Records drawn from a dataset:
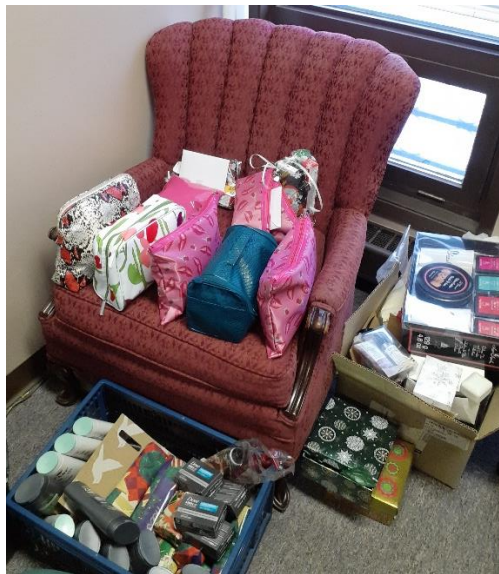
Items for our Christmas Hampers
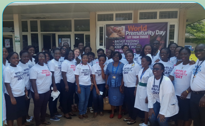
The 2017 World Prematurity Day was celebrated in the Hospital with a public lecture in the media and at the Child Health O.P.D
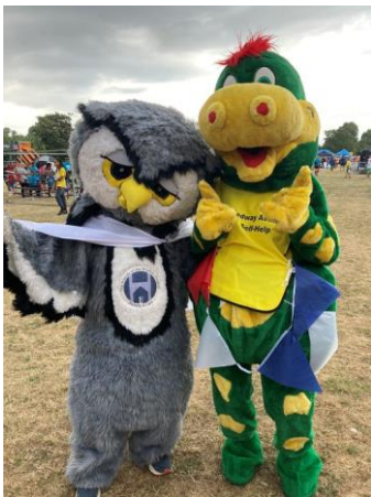
Deano and his friend Olly the Owl at this years Medway Mile

We have continued to offer virtual support online, including an Asthma Advent Calendar and newsletters. In more recent times we have appreciated the many events that have taken place locally that we have been able to participate in, including Safety in Action Day, School Jubilee Fayres, Coffee Mornings and Fresher's Week. Deano, our mascot, has also been back in action at the Medway Mile whilst also celebrating the Queen's Platinum Jubilee!
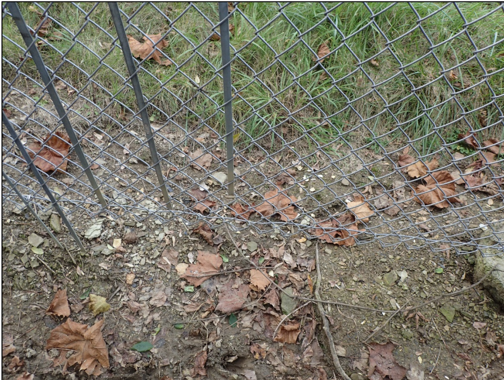
PL-3. Erosion Area Under West Fence
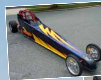
Electric Louie and Munkey's Ride electric jr dragsters

Since electric vehicles are now recognized by the NHRA and IHRA, NEDRA members can race under their local track's rules. NEDRA is an Alternative Sanctioning Organization of the NHRA and a Specialized Chapter of the Electric Auto Association. The F.I.A has adopted NEDRA's safety rules in its drag racing rulebook and the Loring Timing Association has incorporated NEDRA's Voltage Divisions.
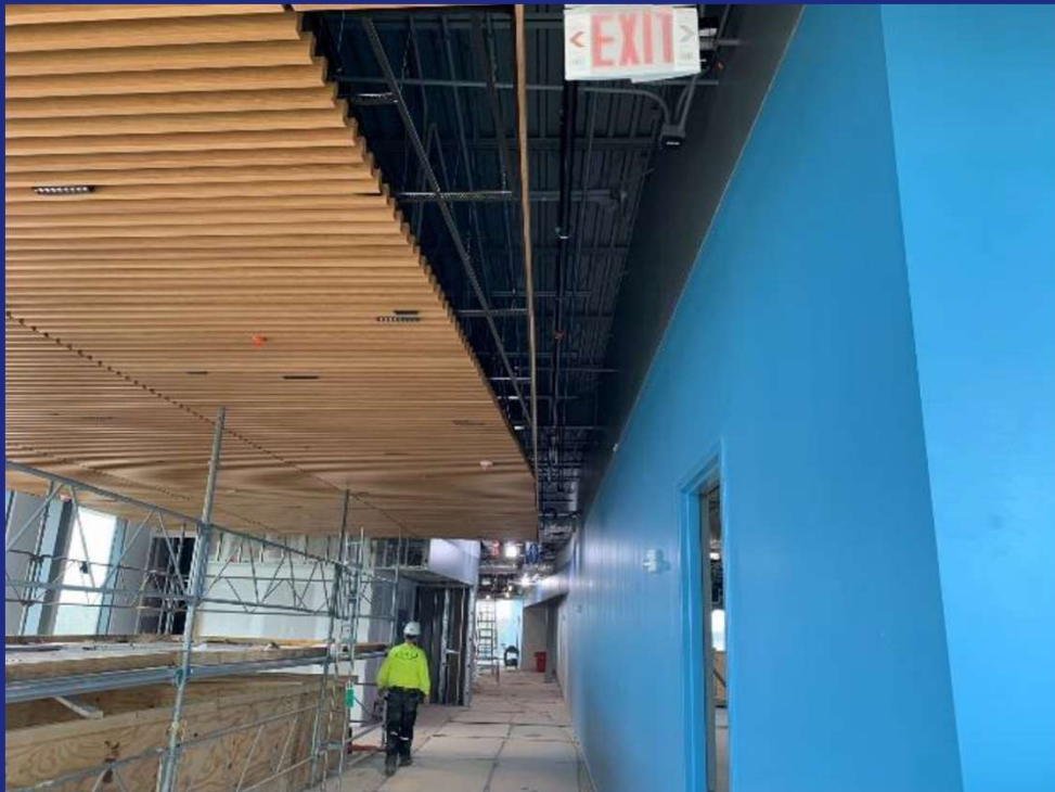
Third floor wood slat ceiling
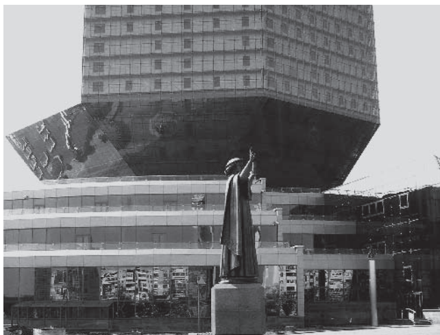
The new building of the National Library of Belarus
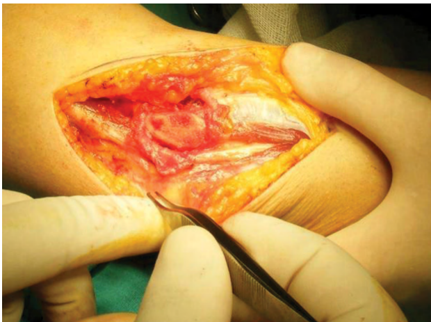
FIGURE 1. Partial medial epicondylectomy.
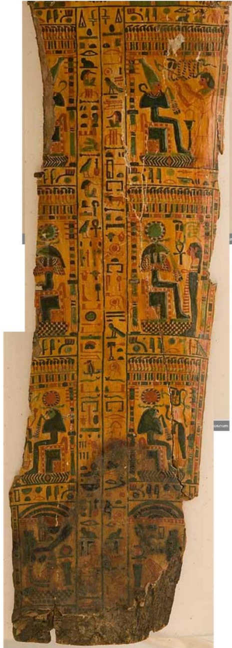
Fig. 6: Mummy-cover Inscriptions
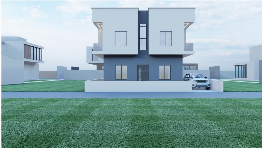
2, Alhaji Kalejaye street. Somolu
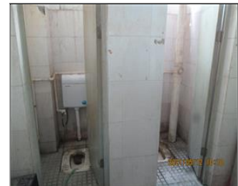
Photo of the sanitary facilities Toilet.JPG
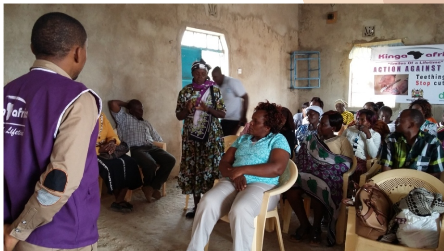
Trainings on impacts of IOM
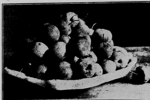
Plate of Crab Apples Grown in the Patmore Nursery, Brandon.

We offer for a Bare Prairie Farm a FIVE DOLLAR SHELTER COLLECTION comprising: 50 WILLOWS, 50 MAPLES, 25 POPLAR, 25 ASH all 2 ft. to 3 ft. high

**Exercise objective:** Your job is to transcribe the records exactly and in full. Pictures are not part of the copy.

**Solution for this exercise:**
Items for our Christmas Hampers
The 2017 World Prematurity Day was celebrated in the Hospital with a public lecture in the media and at the Child Health O.P.D
Deano and his friend Olly the Owl at this years Medway Mile

We have continued to offer virtual support online, including an Asthma Advent Calendar and newsletters. In more recent times we have appreciated the many events that have taken place locally that we have been able to participate in, including Safety in Action Day, School Jubilee Fayres, Coffee Mornings and Fresher's Week. Deano, our mascot, has also been back in action at the Medway Mile whilst also celebrating the Queen's Platinum Jubilee!
PL-3. Erosion Area Under West Fence
Electric Louie and Munkey's Ride electric jr dragsters

Since electric vehicles are now recognized by the NHRA and IHRA, NEDRA members can race under their local track's rules. NEDRA is an Alternative Sanctioning Organization of the NHRA and a Specialized Chapter of the Electric Auto Association. The F.I.A has adopted NEDRA's safety rules in its drag racing rulebook and the Loring Timing Association has incorporated NEDRA's Voltage Divisions.
Third floor wood slat ceiling
The new building of the National Library of Belarus
FIGURE 1. Partial medial epicondylectomy.
Fig. 6: Mummy-cover Inscriptions
2, Alhaji Kalejaye street. Somolu
Photo of the sanitary facilities Toilet.JPG
Trainings on impacts of IOM
Plate of Crab Apples Grown in the Patmore Nursery, Brandon.

We offer for a Bare Prairie Farm a FIVE DOLLAR SHELTER COLLECTION comprising: 50 WILLOWS, 50 MAPLES, 25 POPLAR, 25 ASH all 2 ft. to 3 ft. high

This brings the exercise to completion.